As discussed last time, compiler intrinsics provide for a nice clean way to add SIMD capabilities to your applications. The next question is: does it help?

SIMD functionality is supposed to allow you to perform a single operation on multiple pieces of data. For this to be an optimal process though your data must be arranged in such a way as to be vectorizable. Furthermore, the operation you are trying to perform must be something that can be vectorized.

In the previous example I chose the cross product to be my example. Now, I actually had an ulterior motive for choosing it. It's not something that is very conducive to vectorization.. Because of this the performance gains we obtain by vectorizing it are not significant enough to actually have spent the time researching, testing, debugging, and writing a vectorized version.

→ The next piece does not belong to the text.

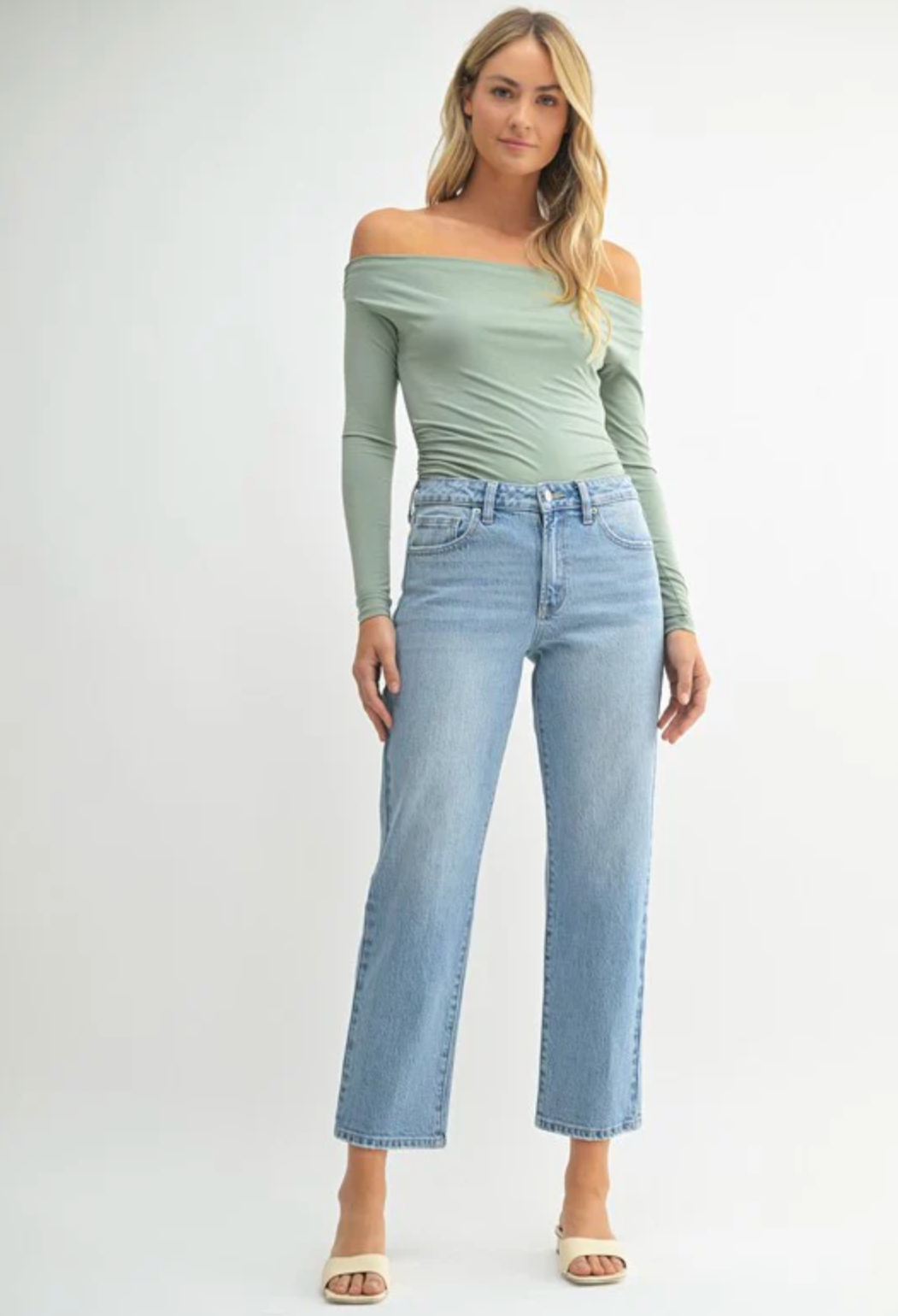 Inspired by the iconic style of the '90s, these jeans feature a slightly relaxed, straight-leg fit that's both flattering and comfortable. Crafted with just the right amount of stretch, they offer a perfect balance of structure and flexibility. Its medium denim wash adds a timeless, lived-in look, making these jeans a versatile wardrobe staple.

We, as programmers, like to think that we know what we are doing. That we can do better than the machine (because if a machine can out program us...dear god!). The truth is, however, we are human. Because of this we have some rather large limitations on what we can do, and what we can keep track of. Things like this are why computers were invented in the first place. It is also because of these limitations that compilers can most often outperform a human when optimizing. Why? The simple answer is: state. The compiler is capable of building a complete picture of the state of all of the registers and many other things at a particular point in a program. It knows of most code paths to a particular piece of code, and hence it can make decisions based on what it knows. Now, for a human this is also possible...for very small and very linear programs. Because of the compilers ability to keep all of this information available, it has the ability to make optimization decisions that we would otherwise miss.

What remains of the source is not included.